On Sun, Aug 20, 2006 at 06:49:08PM +0400, Solar Designer wrote:
> On Sun, Aug 20, 2006 at 10:04:03AM +0200, Willy Tarreau wrote:
> > On Sun, Aug 20, 2006 at 04:23:46AM +0400, Solar Designer wrote:
> > > The attached patch actually defines ecb_encrypt_iv() and
> > > ecb_decrypt_iv() functions that perform ECB encryption/decryption
> > > ignoring the IV, yet return -ENOSYS (just like nocrypt_iv would).
> > > The result is no more Oopses and no infoleaks either.
> >
> > Can the cryptoloop patch use CRYPTO_TFM_MODE_CFB or CRYPTO_TFM_MODE_CTR
> > and so be redirected to nocrypt() which will leave uninitialized memory
> > too ?
>
> At least patch-cryptoloop-jari-2.4.22.0 in particular will only do CBC
> (default, preferred) or ECB (if requested); it won't attempt to use CFB
> or CTR.
>
> Regarding nocrypt*():
>
> > I wonder whether we shouldn't consider that those functions must at
> > least clear the memory area that was submitted to them, such as
> > proposed below. It would also fix the problem for potential other
> > users.
>
> This makes sense to me, although it is not perfect as Herbert has
> correctly pointed out:
>
> > If the user is ignoring the error value here then you're in serious
> > trouble anyway since they've just lost all their data.
>
> Can we maybe define working but IV-ignoring functions for ECB (like I
> did), but use memory-clearing nocrypt*() for CFB and CTR (as long as
> these are not supported)? Of course, all of these will return -ENOSYS.

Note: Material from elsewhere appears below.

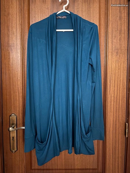 Casaco estilo quimono fininho azul, com bolsos, em ótimo estado.

I thought we would not have to protect users from shooting themselves in
the foot (right now they get an oops). But I agree that the cost of
protecting them is close to zero so we probably should do it. If Herbert
is OK, do you care to provide a new patch ?

> Alexander

Thanks,
willy

2006-08-20 17:02:51

by Solar Designer

[permalink] [raw]
Subject: Re: [PATCH] cit_encrypt_iv/cit_decrypt_iv for ECB mode

On Sun, Aug 20, 2006 at 06:13:46PM +0200, Willy Tarreau wrote:
> On Sun, Aug 20, 2006 at 06:49:08PM +0400, Solar Designer wrote:
> > Can we maybe define working but IV-ignoring functions for ECB (like I
> > did), but use memory-clearing nocrypt*() for CFB and CTR (as long as
> > these are not supported)? Of course, all of these will return -ENOSYS.
>
> I thought we would not have to protect users from shooting themselves in
> the foot (right now they get an oops). But I agree that the cost of
> protecting them is close to zero so we probably should do it. If Herbert
> is OK, do you care to provide a new patch ?

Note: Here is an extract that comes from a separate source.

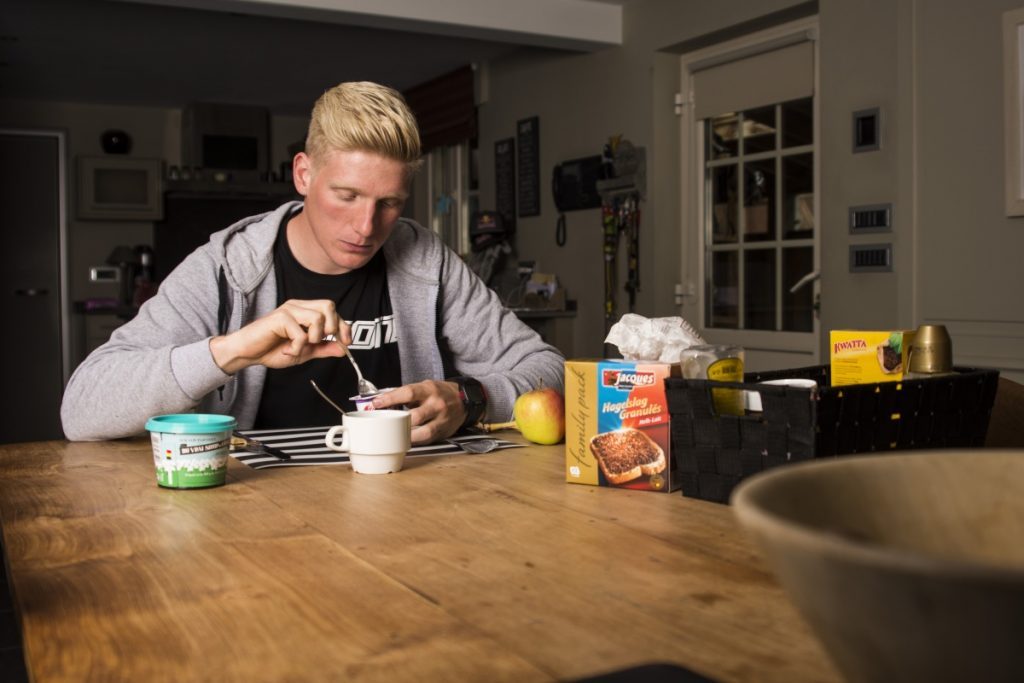 Dieter Jans nous emmène dans le quotidien de Greg Smets. En 10 images, il nous montre à quoi ressemble la vie de notre jeune compatriote les jours où ils ne roulent pas à moto. Du petit-déjeuner au moment de console vidéo en soirée…

Yes, if the above proposal is OK with Herbert, I will provide a new
patch for 2.4.

Thanks,

Alexander

2006-08-20 22:58:48

by Herbert Xu

[permalink] [raw]
Subject: Re: [PATCH] cit_encrypt_iv/cit_decrypt_iv for ECB mode

On Sun, Aug 20, 2006 at 06:49:08PM +0400, Solar Designer wrote:
>
> Can we maybe define working but IV-ignoring functions for ECB (like I
> did), but use memory-clearing nocrypt*() for CFB and CTR (as long as
> these are not supported)? Of course, all of these will return -ENOSYS.

In cryptodev-2.6, with block ciphers you can no longer select CFB/CTR
until someone writes support for them so this is no longer an issue.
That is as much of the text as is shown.